[Start of section]
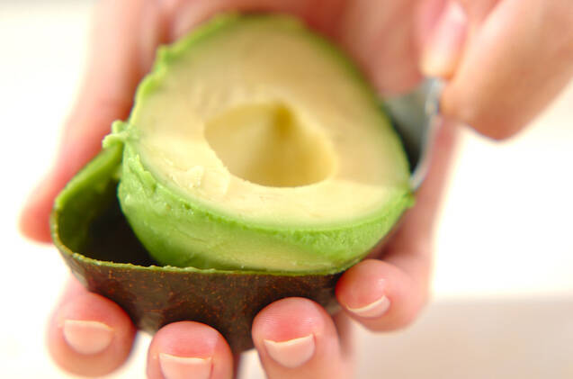 アボカドは包丁を縦に入れ、種まで深く切り込みを入れ、両手でひねるように半分に分ける。種を取り、果肉をスプーン等で取り出し、ひとくち大に切ってレモン汁をからめる。
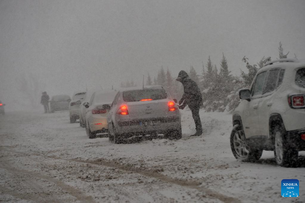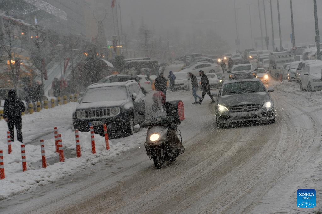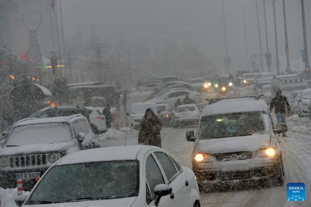 People drive in snowy weather in Ankara, Turkey, on Jan. 22, 2021. (Photo by Mustafa Kaya/Xinhua)
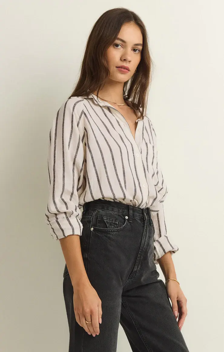 You'll love the easy, breezy comfort of this classic stripe button-up!
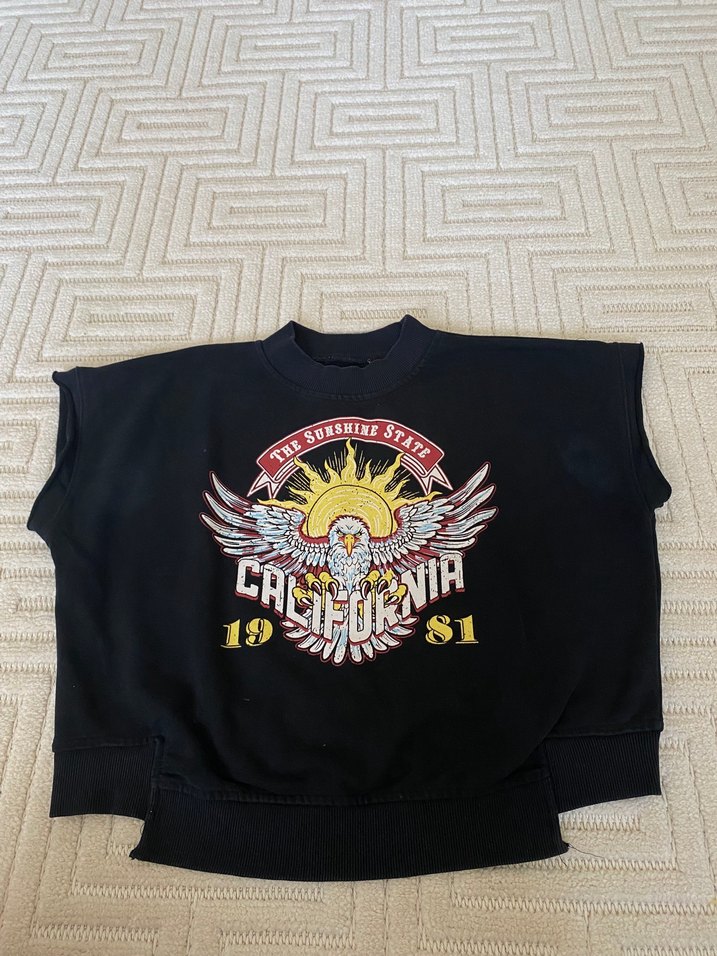 Pamuklu, bol kesim, uzun kollu siyah biker sweatshirt. California kartal baskısı
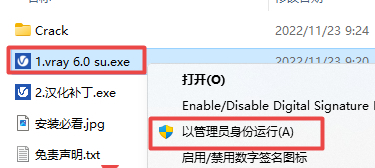2.打开刚刚解压的文件夹,鼠标右键点击“1.vray 6.0 su.exe”选择“以管理员身份运行”
[End of section]
• _Task prompt_
Restate the listing word for word and drop the pictures.

• _Result_
 アボカドは包丁を縦に入れ、種まで深く切り込みを入れ、両手でひねるように半分に分ける。種を取り、果肉をスプーン等で取り出し、ひとくち大に切ってレモン汁をからめる。
 People drive in snowy weather in Ankara, Turkey, on Jan. 22, 2021. (Photo by Mustafa Kaya/Xinhua)
 You'll love the easy, breezy comfort of this classic stripe button-up!
 Pamuklu, bol kesim, uzun kollu siyah biker sweatshirt. California kartal baskısı
2.打开刚刚解压的文件夹,鼠标右键点击“1.vray 6.0 su.exe”选择“以管理员身份运行”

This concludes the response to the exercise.